We favor companies that can benefit from government infrastructure spending plans. Additionally, we maintain a positive attitude towards the banking, automotive and consumer Internet sectors. It is worth noting that based on the March quarter results, the chemical sector appears to be regaining momentum.

Do you expect a drastic change in market trends, especially after the announcement of the Lok Sabha election results on June 4?

While there may be an initial rally following the election results, I expect some profit-taking in the mid- and small-cap sectors. This is because many of these companies are currently trading at high valuations, which may require a price adjustment or a period of consolidation.

Are you increasing the visibility of companies creating AI infrastructure?

We are bullish on Indian artificial intelligence (AI) companies. Historically, during periods of rapid growth, the largest economies tended to dominate the key technologies of that era. For example, China used telecommunications equipment, electric vehicles and solar energy during its high growth period (2005–2020). Similarly, Japan and South Korea established themselves in the consumer electronics market (such as televisions) during the economic boom.

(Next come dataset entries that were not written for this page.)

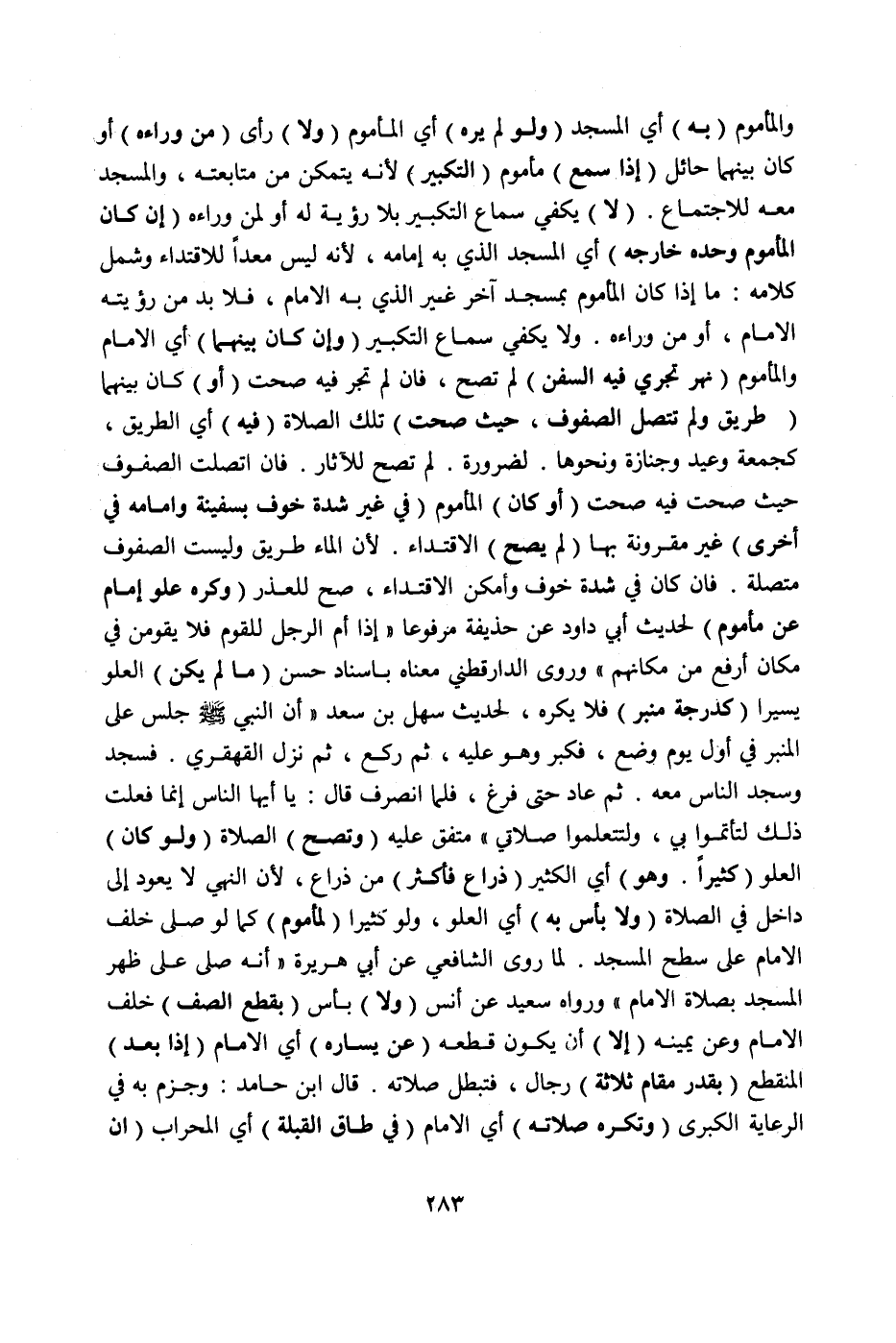 وَلَا يَكْفِي سَمَاعُ التَّكْبِيرِ (وَإِنْ كَانَ بَيْنَهُمَا) أَيْ: الْإِمَامِ وَالْمَأْمُومِ (نَهْرٌ تَجْرِي فِيهِ السُّفُنُ) لَمْ تَصِحَّ، فَإِنْ لَمْ تَجْرِ فِيهِ صَحَّتْ (أَوْ) كَانَ بَيْنَهُمَا (طَرِيقٌ وَلَمْ تَتَّصِلْ الصُّفُوفُ، حَيْثُ صَحَّتْ) تِلْكَ الصَّلَاةُ (فِيهِ) أَيْ: الطَّرِيقِ، كَجُمُعَةٍ وَعِيدٍ وَجِنَازَةٍ وَنَحْوِهَا لِضَرُورَةٍ لَمْ تَصِحَّ لِلْآثَارِ،
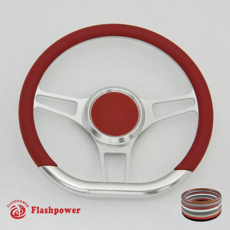 FLASHPOWER 14" D Type Billet Steering Wheel Red Half Wrap Chevy Ididit FlamingRiver
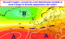 L’attendibilità previsionale è abbastanza buona (55%) sino a lunedì 3 luglio, poi decresce sino al 25% nei giorni successivi.
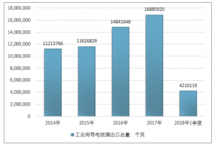 2016年我國工業用導電玻璃出口總量14841648千克 ,2017年出口總量16885920千克 ;2019年1季度出口總量4210119千克 。
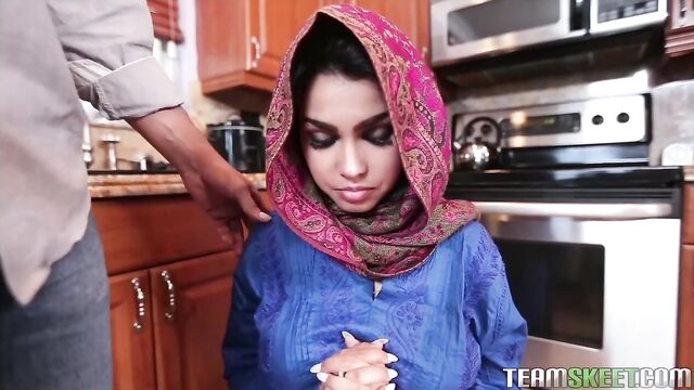 Description:Ada is a foreign exchange student from the Middle East looking for a place to stay, in exchange for some housework, while she continues her studies. She answered an ad looking for just that and thought it was her lucky day! The day of her move in came and she met the owner of the house for the first time. He was impressed with her willingness to get to work, but once he find out she was raised to obey ANYTHING a man tells her to do, he had other types of jobs in mind for Ada. He made her drop to her knees and suck his cock in the kitchen and he made her take off her pants so he can fuck her on his kitchen counter! He wanted to know what her titties looked like so he made her to pull those out too! This big tittied desert beauty was apprehensive at first, but after a couple of thrusts her pussy was dripping wet and happily taking that huge dick as well as the huge load he made her drip out of her snatch!
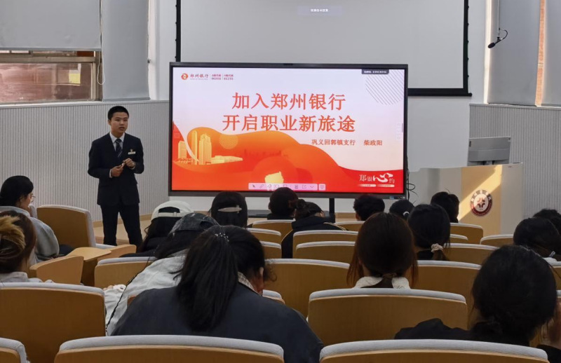 首先,徐老师代表金贸学院对郑州银行巩义支行社区市场主管柴政阳的到来表示热烈欢迎,同时表示希望能够在校企之间建立合作桥梁,共同推动学生培养;随后,柴主管围绕贷款产品政策、个人成长经历、银行平台优势、征信保护知识等方面展开讲解。通过对“郑e贷”、“郑惠贷”等特色产品的解析,帮助学生理解信贷政策与实际应用,并且结合自身从毕业生快速晋升为社区主管的成长路径,介绍郑州银行清晰的职业发展通道和薪酬福利优势。同时以“珍爱个人征信”为主题,强调信用意识在金融生活中的重要性;最后,在互动环节,同学们围绕岗位选择、备考经验、工作内容等踊跃提问,柴主管结合实际情况一一作答,现场气氛活跃。
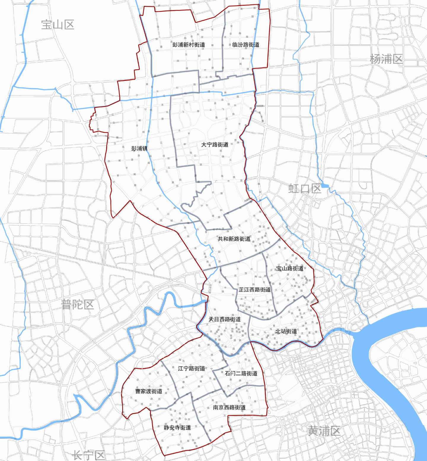 街道:靜安寺街道、曹家渡街道、江寧路街道、石門二路街道、南京西路街道、天目西路街道、北站街道、寶山路街道、芷江西路街道、共和新路街道、大寧路街道、彭浦新村街道、臨汾路街道
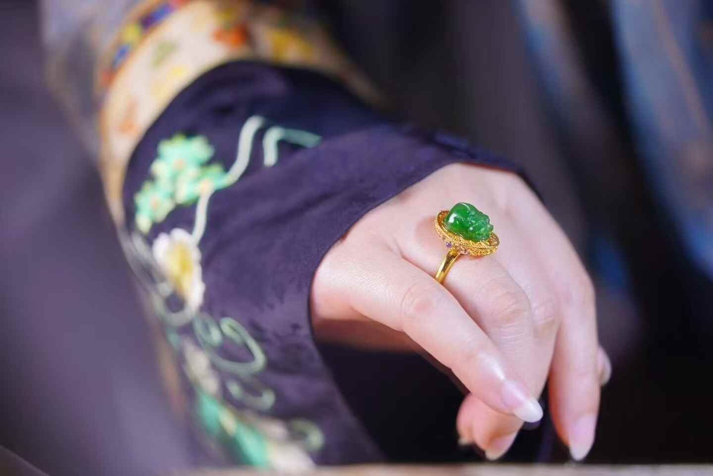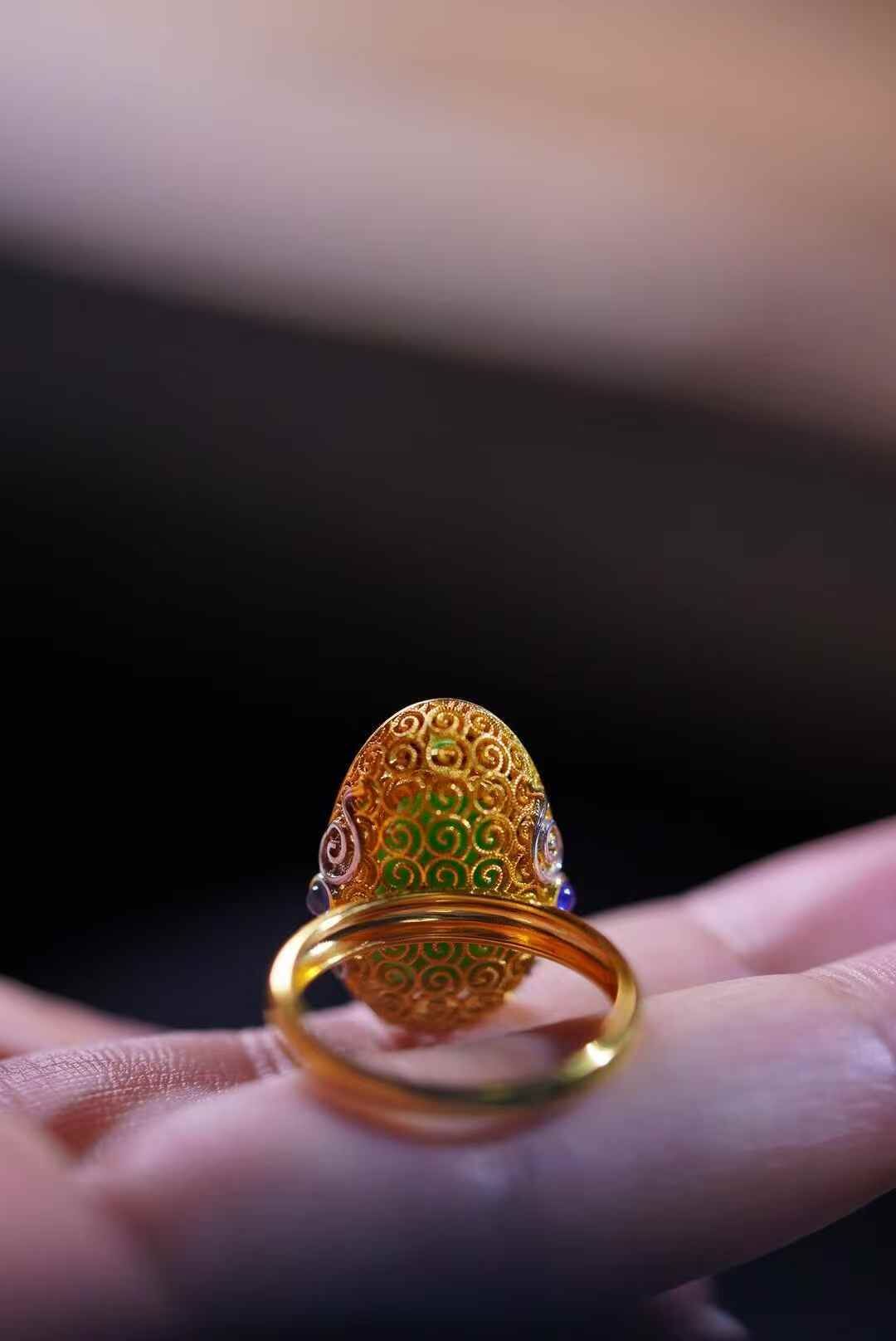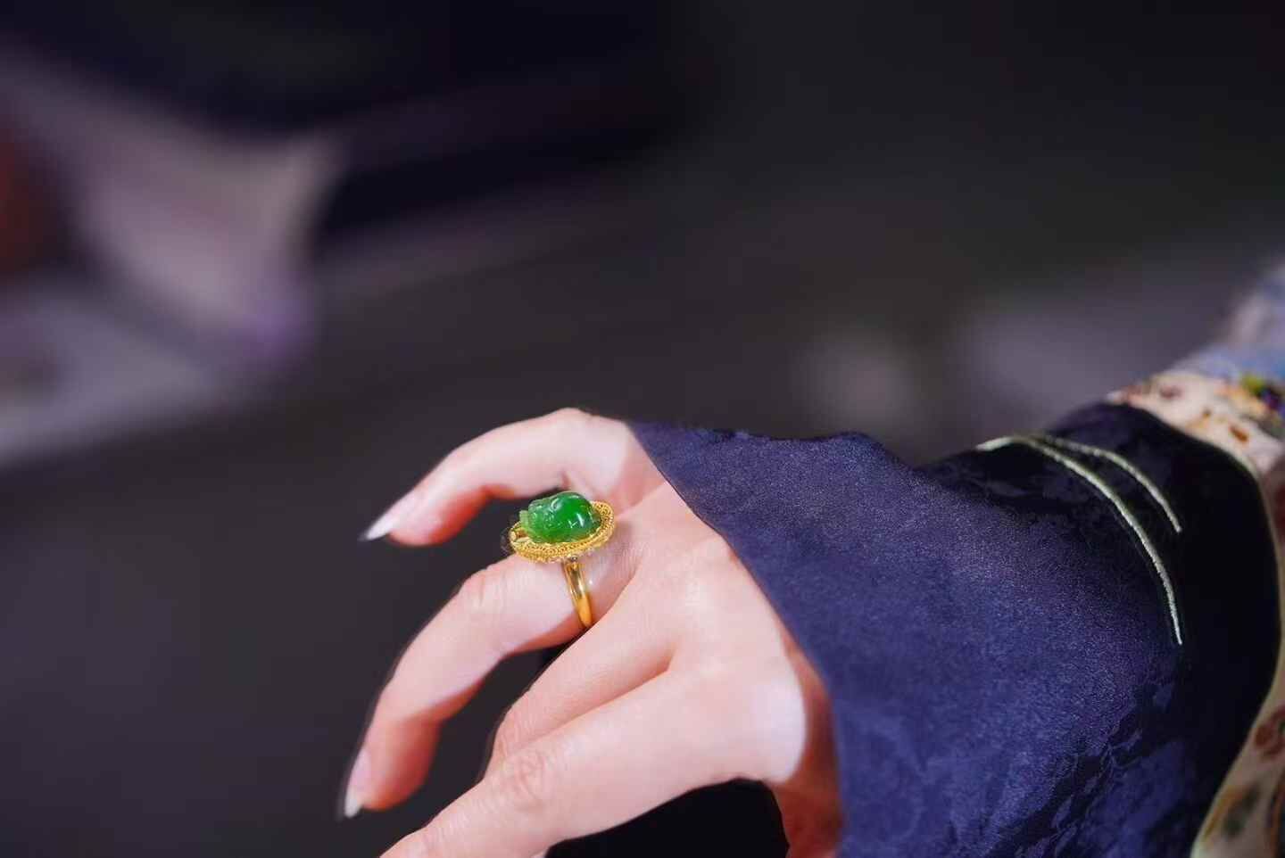 天然翡翠A玉,招財進寶,陽綠貔貅戒指。18K金花絲鑲嵌,寶石點綴,元寶銅錢祥雲元素、招財財。貔貅元素的珠寶一向都比較討喜,這枚誰來接回家吧。
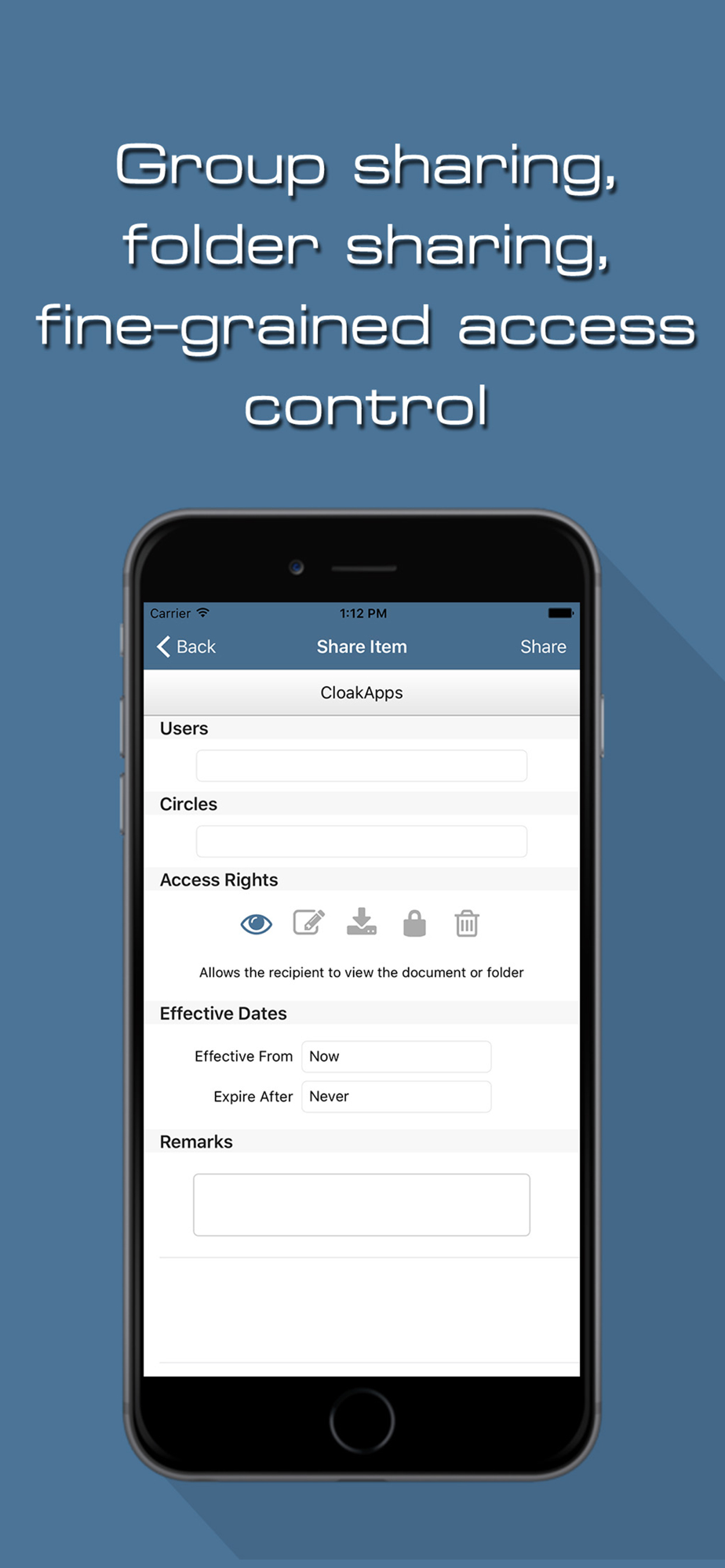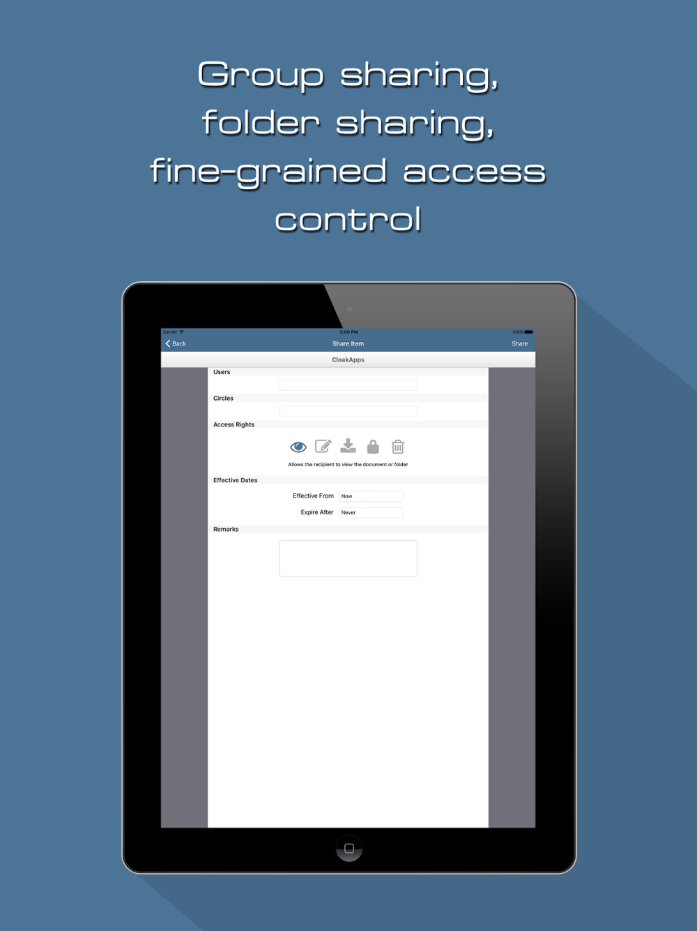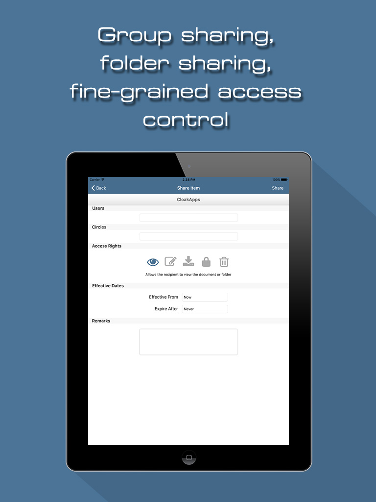 1. Digital rights management. Share text / markdown, pdf and images with read-only access to specific recipients. Documents and folders can be shared to individual users or hierarchical user groups, with fine-grained access rights.
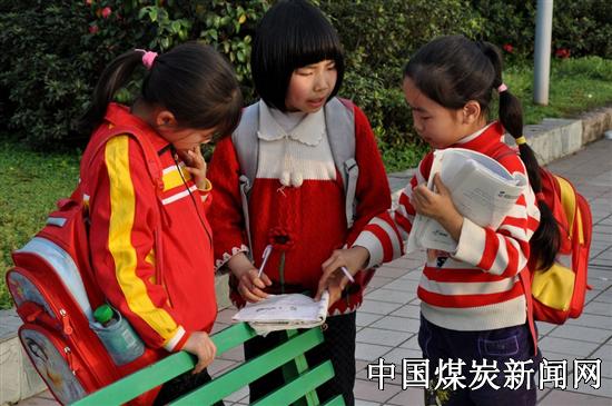 这几个小姐妹们放学后一边等着在城里上班的妈妈回家,一边在矿区广场上做作业

India is currently on the cusp of its greatest growth phase, and AI could become the defining technology of the next decade or two. As a result, Indian companies providing infrastructure for AI development are likely to see significant growth for many years to come.

Disclaimer: The views and investment tips expressed by investment experts on Moneycontrol.com are their own and not those of the site or its management. Moneycontrol.com advises users to consult certified experts before making any investment decisions.